Note that the determination of MPEG-Surround in the video signal processing (S7) may be performed before analysis of video packet information (S4v) or decoding of video signal (S5v), but, at least, it needs to be performed after decoding of the audio signal (S5a). Furthermore, in the case where decoding of the audio signal (S5a) cannot be performed by the time designated by PTS added to the video packet, output of the video signal (S6v) starts first, which causes a problem that AV synchronization cannot be made, or correction is made in the middle of program reproduction, resulting in interruption of the video signal output.

The present invention has been conceived to solve the above conventional problems, and has an object to provide a digital broadcast transmitting apparatus, a digital broadcast receiving apparatus, and a digital broadcast transmitting/receiving system, in which determination of processing depending on the encoding scheme of the transmitted audio signal can be promptly made by the digital broadcast receiving apparatus.

Means to Solve the Problems

In order to solve the problems, the digital broadcast transmitting apparatus according to the present invention is a digital broadcast transmitting apparatus which provides multiplex broadcast by encoding and packetizing an audio signal and a video signal that are reproduced in synchronization. The digital broadcast transmitting apparatus includes: an audio stream packet generating unit which converts the audio signal into an encoded audio signal by encoding the audio signal and to generate an audio stream packet including the encoded audio signal; a data packet generating unit which generates a data packet which is analyzed by a digital broadcast receiving apparatus before decoding the audio stream packet is started, the data packet including encoding information which is not included in header information of the audio stream packet, and which indicates whether or not decoding of the encoded audio signal includes a processing which causes decoding time of the encoded audio signal to exceed a predetermined decoding time; a video stream packet generating unit which converts the video signal into an encoded video signal by encoding the video signal, and to generate a video stream packet including the encoded video signal; and a transmitting unit which multiplexes the audio stream packet, the data packet, and the video stream packet so as to generate multiplexed data, and transmit the generated multiplexed data via a broadcast wave.

As described above, according to the digital broadcast transmitting apparatus of the present invention, data packet includes encoding information which is not included in header information of the audio stream packet, and which indicates whether or not decoding of the encoded audio signal includes a processing which causes decoding time of the encoded audio signal to exceed a predetermined decoding time. The data packet is analyzed by the digital broadcast receiving apparatus before decoding of the audio stream packet is started. Therefore, it is possible for the digital broadcast receiving apparatus to know, before starting decoding of the audio stream packet, whether or not decoding of the encoded audio signal includes any processing which exceeds a predetermined decoding time. As a result, processing for adjusting synchronization of audio signal with video signal can be performed well in advance.

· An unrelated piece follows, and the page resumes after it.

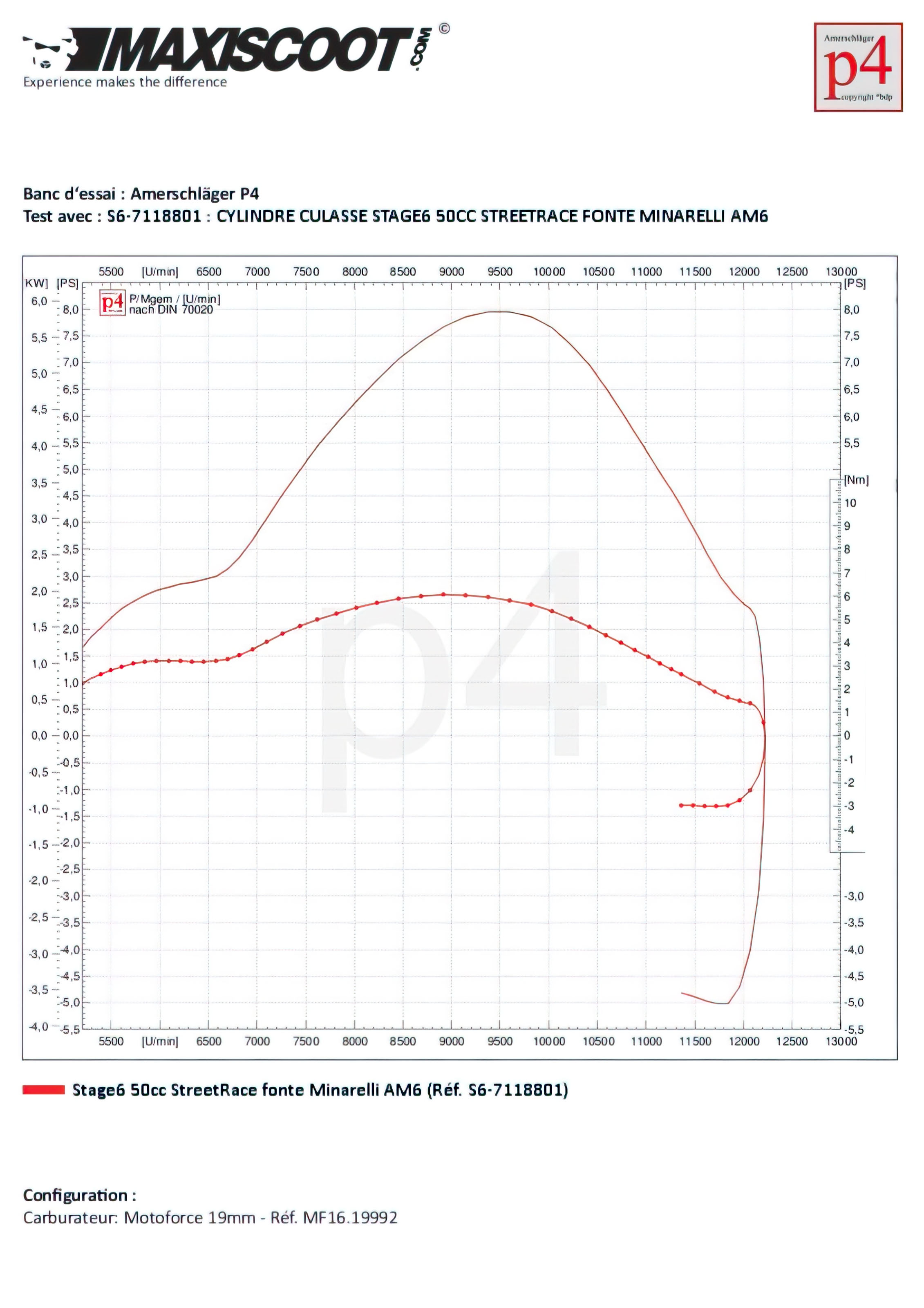 La potenza erogata è notevolmente superiore a quella del cilindro di serie: è possibile raggiungere gli 8 CV, ovvero 3-4 CV in più! Per ottenere queste prestazioni, si consiglia l'uso di un sistema di scarico sportivo come lo Stage6 Streetrace e di un carburatore più grande (17,5 - 21 mm). Con un'accelerazione migliorata e una maggiore potenza complessiva, lo Streetrace è la scelta perfetta per chi vuole più potenza, ma non vuole aumentare la cilindrata del motore.
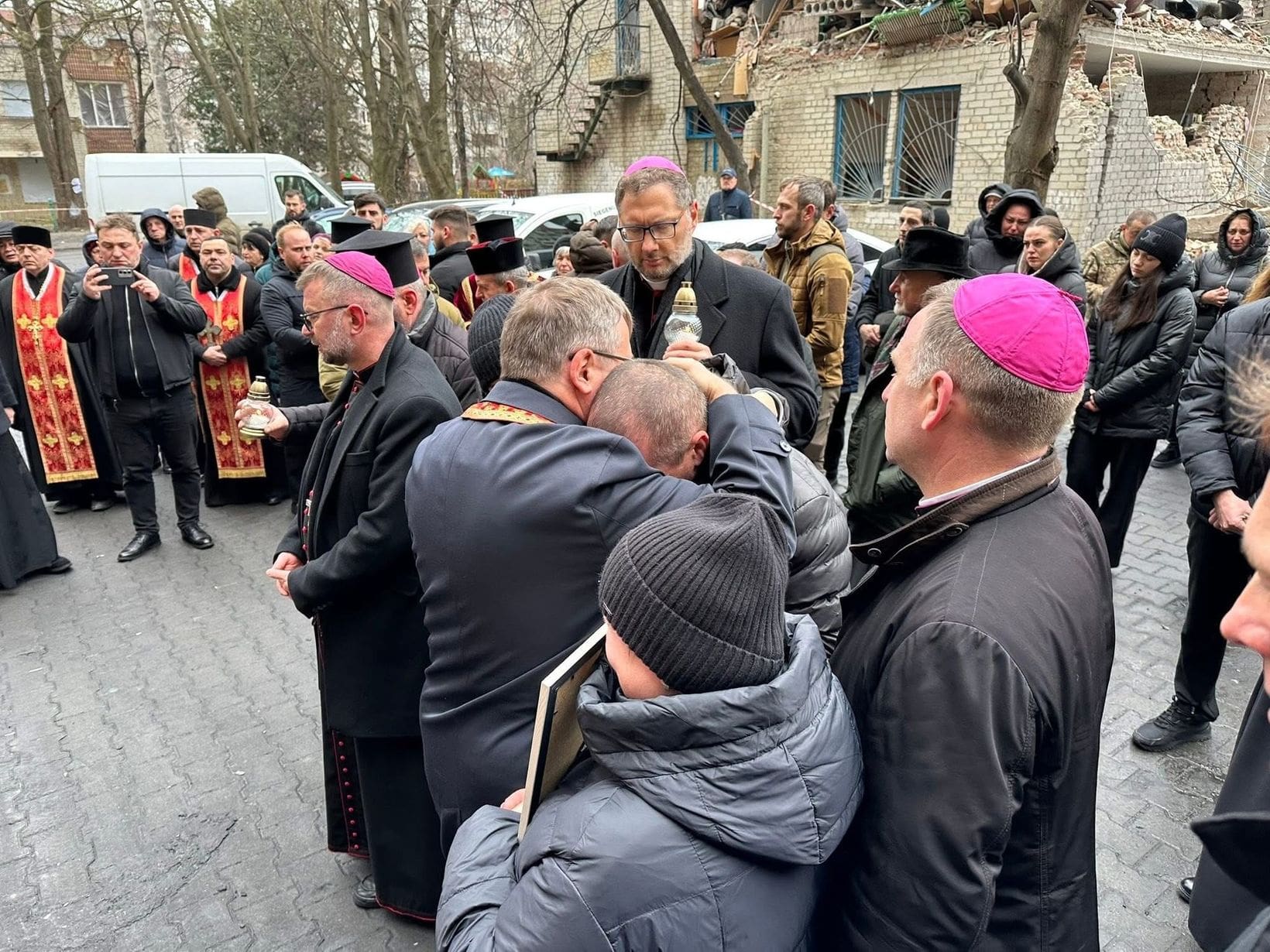 «Нехай цей розділений біль хоч трошки облегшить ваші страждання. Нехай Господь Бог своєю любов’ю дозволить нам усе відбудувати і відновити, а тих, кого вже немає серед нас, хай прийме у свої вічні обійми як люблячий Бог і Отець. І всім загиблим сотворить вічну пам’ять!».

Note that it may be that the audio stream packet generating unit includes an audio encoding unit which converts the audio signal into the encoded audio signal using one of a first encoding mode and a second encoding mode, the first encoding mode being a mode in which the audio signal is encoded in accordance with MPEG-2 AAC scheme, the second encoding mode being a mode in which the audio signal is encoded in accordance with the MPEG-2 AAC scheme, and is also encoded including auxiliary information for extending a high frequency component or an output channel count of a basic signal obtained in the first encoding mode. Also it may be that the data packet generating unit includes an encoding information generating unit which generates the encoding information indicating which one of the first encoding mode and the second encoding mode has been used by the audio encoding unit in the conversion of the audio signal into the encoded audio signal. According to the present invention, since the encoding information describes whether the audio signal has been encoded simply in accordance with MPEG-2 AAC, or high frequency components or output channel count of the basic signal has been extended in addition to encoding in accordance with MPEG-2 AAC. Therefore, it is possible for the digital broadcast receiving apparatus to perform processing for adjusting synchronization of audio signal with video signal before starting decoding the audio stream packet.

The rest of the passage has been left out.